The paint I chose is Majic Paints Light Ford Gray; the same color as every antique Ford tractor out there. They also offer a catalyst/hardener that is intended to increase the gloss and hardness but unfortunately it also causes the paint to dry/cure more quickly. I hope the faster drying time doesn't affect the flow out time. It came from the local Tractor Supply. The mix ratio is 1/2 pint of catalyst to one gallon of paint so I'll mix 16 ounces of paint to one ounce of catalyst and see how far I get on the first batch. I'll be rolling and brushing it onto the lathe. The entire lathe will be ready for paint before I mix any so none should go to waste.
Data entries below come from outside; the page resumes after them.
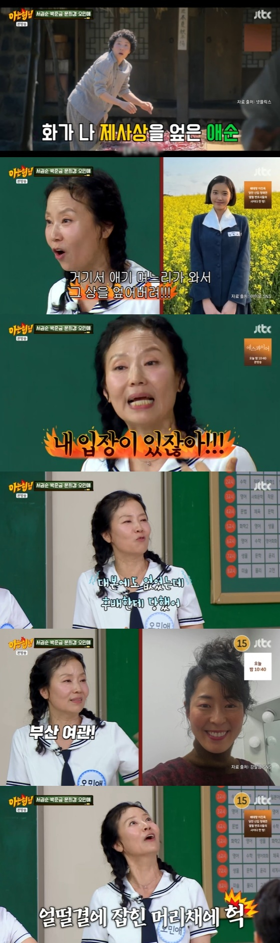 오민애는 "제사를 치르는데 집안의 가장 어른이 제사상을 치우고 있을 때 애기 며느리가 와서 그 상을 엎으면 눈이 돌아가겠나, 안 돌아가겠나"라고 토로했다. 이에 서장훈이 "살짝 엎을 만 하던데"라고 반박하자 오민애는 "그건 애순이 입장이지만 내 입장이 있다. 거기다가 나보고 아가씨 잠녀 시키라고 하지 않았냐. 따귀를 때릴 수밖에 없었다. 애순이가 뺨을 제대로 때려달라고 부탁했다"라고 항변해 웃음을 자아냈다.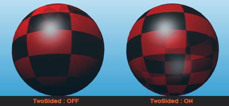 The SimpleCasterShader flag (enabled by default) enables a simple shader code. While the SimpleCasterShader is enabled, the object will be processed without taking the alpha and Vertex- and Perlin Noise into account. For example: If you have a Sphere and apply a Vertex Noise to the sphere, you will see a simple sphere without the vertex deformations. This is an important optimization, because it prevents constant shader switching when rendering shadows. See the Pictures below: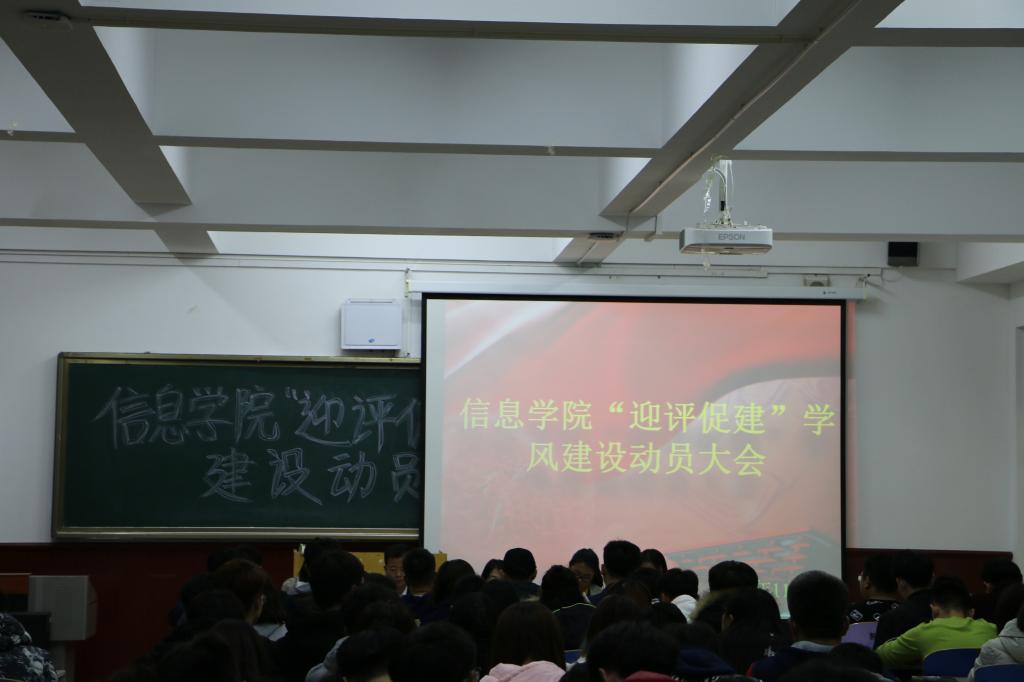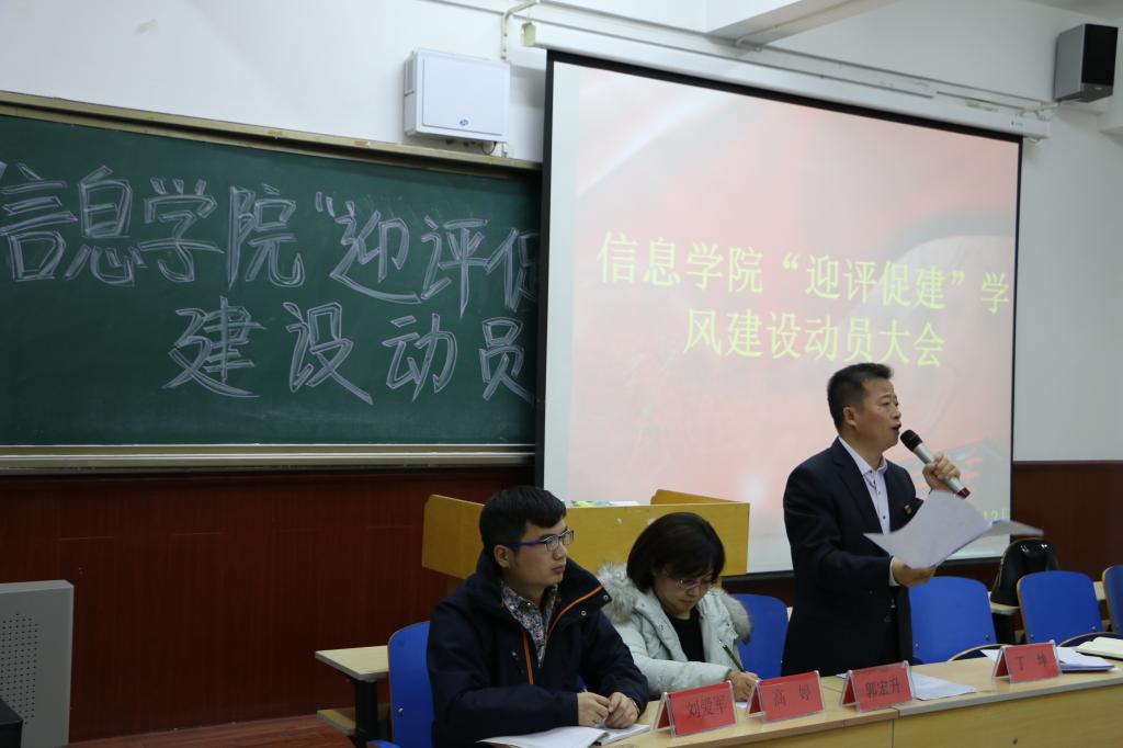 为迎接即将到来的本科教学审核评估,贯彻落实我校本科教学评估动员会精神,信息科学与技术学院在对全体教师和部分学生干部动员的基础上,11月13日晚,在博学楼500教室召开了“迎评促建,加强学风建设”动员大会。信息学院副书记副院长郭宏升、学工办主任丁坤、辅导员刘爱军、姜嘉丽、王凝、高婷和全体学生会干部,各班级班委会团支部成员,宿舍长,预备党员,入党积极分子参加了会议。

Originally the dark red International Harvester Red appealed to me but after degreasing and realizing that painting everything that was originally gray with red would require far more disassembly than I wanted to do. The red was returned and exchanged for the light Ford gray. If there's a lot left, and I expect that there will be, I'll probably paint the mill with the gray as well. If I use a large portion of the gray, I can still paint the mill red. There's no original paint on the mill that's in good enough condition to worry about.
 
OMG!

While prepping for paint I reluctantly decided to remove the coolant pump and tank so it could be cleaned and painted on all sides as well as painting behind it. On this machine it attaches to the stand that’s beneath the headstock. As I started removing the bolts it felt like it was much heavier than it should have been. Not a total surprise since chips were backed up into the formerly clear vinyl tube that returns coolant to the tank. Once it was free I removed the drain plug but only a few drops of clear but vile smelling water came out. That was odd, I thought, since clear gold colored cutting oil was visible through the return hole.

When I poked a screwdriver into the drain more water came out. It reminded me of the odor of digging up stagnant pond mud combined with crude oil. Lovely! At the same time it was obvious that chips were firmly packed in the tank. In spite of having a container in place, when I started breaking up the mass of chips with a big screwdriver water and oil started flowing at a rate beyond what I had envisioned. Whatever you’re imagining right now is probably correct. The oil coming out of the drain was nothing like that visible at the top of the tank. It looked like thin crude oil, very black and not much more viscous than water. After getting the drain plug back into the drain, which of course got stuck momentarily while oil continued to seep, it was finally sealed.

I cleaned the oily mess off of the floor and the tools and called it a night.